LREC 2000 2nd International Conference on Language Resources & Evaluation
 

Previous Paper   Next Paper

Title Automatic Extraction of English-Chinese Term Lexicons from Noisy Bilingual Corpora
Authors Le Sun (Open Systems & Chinese Information Processing Center, Institute of Software, Chinese Academy of Sciences, Beijing 100080, P. R. China., lesun@sonata.iscas.ac.cn)
Youbing Jin (Open Systems & Chinese Information Processing Center, Institute of Software, Chinese Academy of Sciences, Beijing 100080, P. R. China., ybjin@sonata.iscas.ac.cn)
Lin Du (Open Systems & Chinese Information Processing Center, Institute of Software, Chinese Academy of Sciences, Beijing 100080, P. R. China., ldu@sonata.iscas.ac.cn)

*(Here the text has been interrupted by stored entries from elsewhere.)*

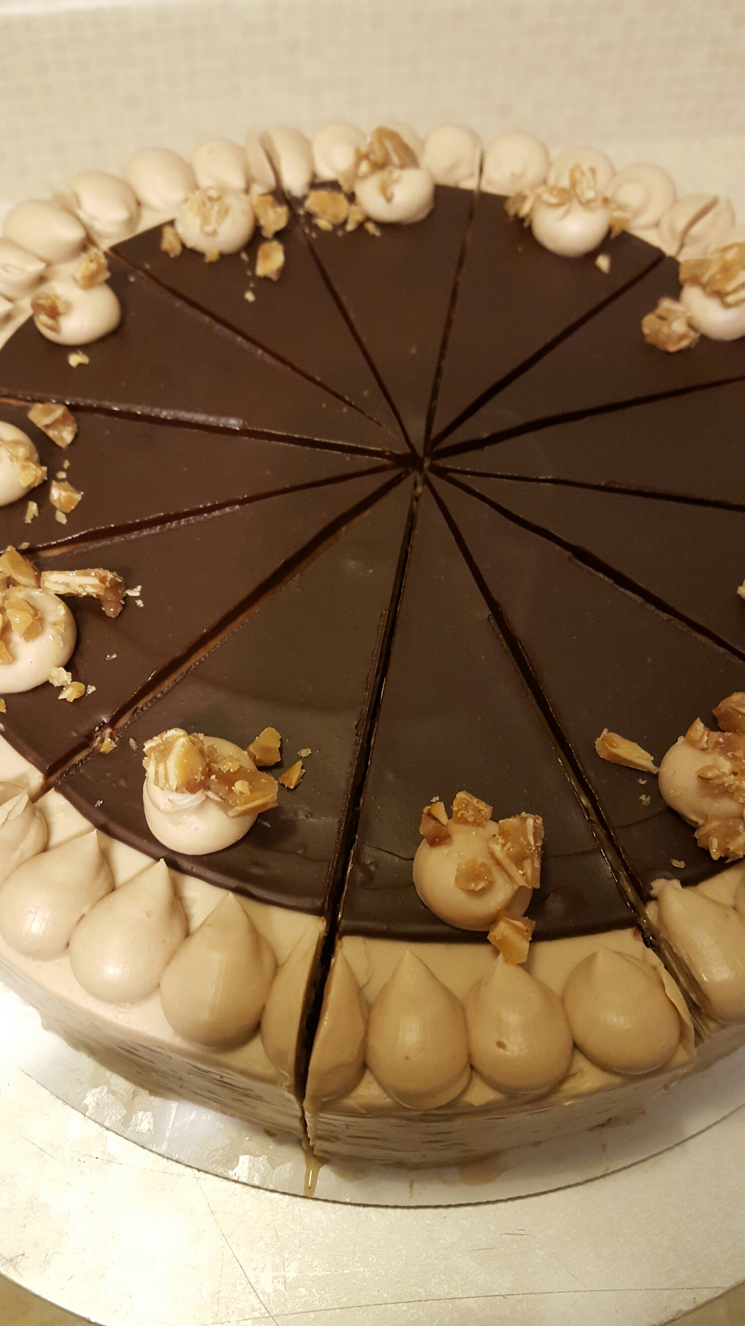 Symphony Torte Chocolate sour cream layers filled with milk chocolate almond praline bavarian creme ..Flat iced with milk chocolate buttercream, rosettes topped with chunks of almond praline.. Share this: Click to share on X (Opens in new window) X Click to share on Facebook (Opens in new window) Facebook Like Loading...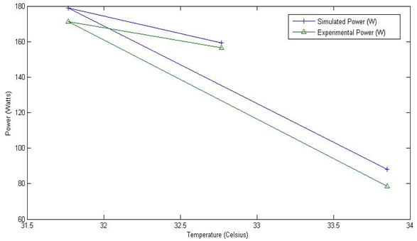 Figure-7. Effect of cell temperature on the output power of solar PV module during simulation and experimentation.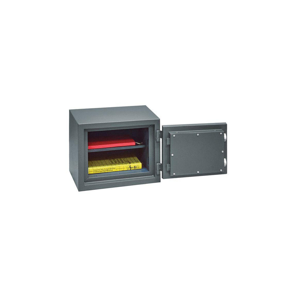 Stöldskyddskåp från Håbeco med en volym på 19 liter. Litet och nätt stöldskyddsskåp EN 14450 i klass S2 och med brandklassning enligt EN 15659 i 30P. 1 hylla ingår. Skåpet har 2 förankringshål i botten. Bult medföljer. Skåpet kan användas både i hemmet eller på arbetsplatsen. - 30P enligt EN 15659 - Yttermått (hxbxd): 300 x 360 x 300 mm - Innermått (hxbxd): 210 x 270 x 191 mm - Vikt: 11 kg - Volym: 19 liter - Två veckors leveranstid - Leverans sker till lastkaj, godsmottagning eller gatuplan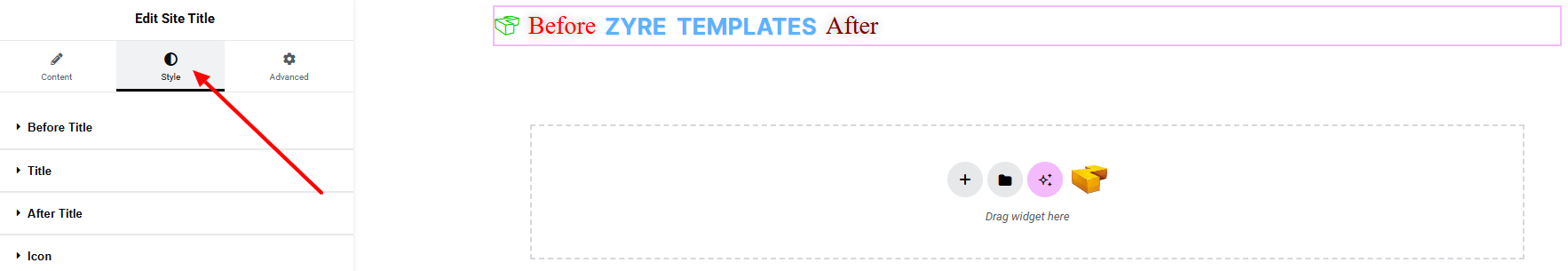 In the Style section, you can customize the Before Title, Title, After Title, Icon — but make sure you have added them first.

Yufang Sun (Open Systems & Chinese Information Processing Center, Institute of Software, Chinese Academy of Sciences, Beijing 100080, P. R. China., yfsun@sonata.iscas.ac.cn)

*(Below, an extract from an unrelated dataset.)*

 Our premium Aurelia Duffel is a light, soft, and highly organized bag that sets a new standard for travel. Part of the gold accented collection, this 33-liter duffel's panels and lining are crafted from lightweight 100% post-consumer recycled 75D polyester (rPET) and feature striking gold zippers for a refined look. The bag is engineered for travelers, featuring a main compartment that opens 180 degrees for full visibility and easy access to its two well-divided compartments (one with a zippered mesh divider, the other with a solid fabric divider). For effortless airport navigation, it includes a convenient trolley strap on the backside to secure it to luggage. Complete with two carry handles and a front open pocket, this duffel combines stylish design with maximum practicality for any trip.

Keywords Bilingual Corpora Processing, Sentence Alignment, Term Extraction
Session Session WO11 - Mono-Multilingual Lexicon Acquisition and Building
Full Paper 208.ps, 208.pdf
Abstract This paper describes our system, which is designed to extract English-Chinese term lexicons from noisy complex bilingual corpora and use them as translation lexicon to check sentence alignment results. The noisy bilingual corpora are aligned firstly by our improved length based statistical approach, which could detect sentence omission and insertion partly. A term extraction system is used to obtain term translation lexicons form roughly aligned corpora. Then the statistical approach is used to align the corpora again. Finally, we filter the noisy bilingual texts and obtain nearly perfect alignment corpora.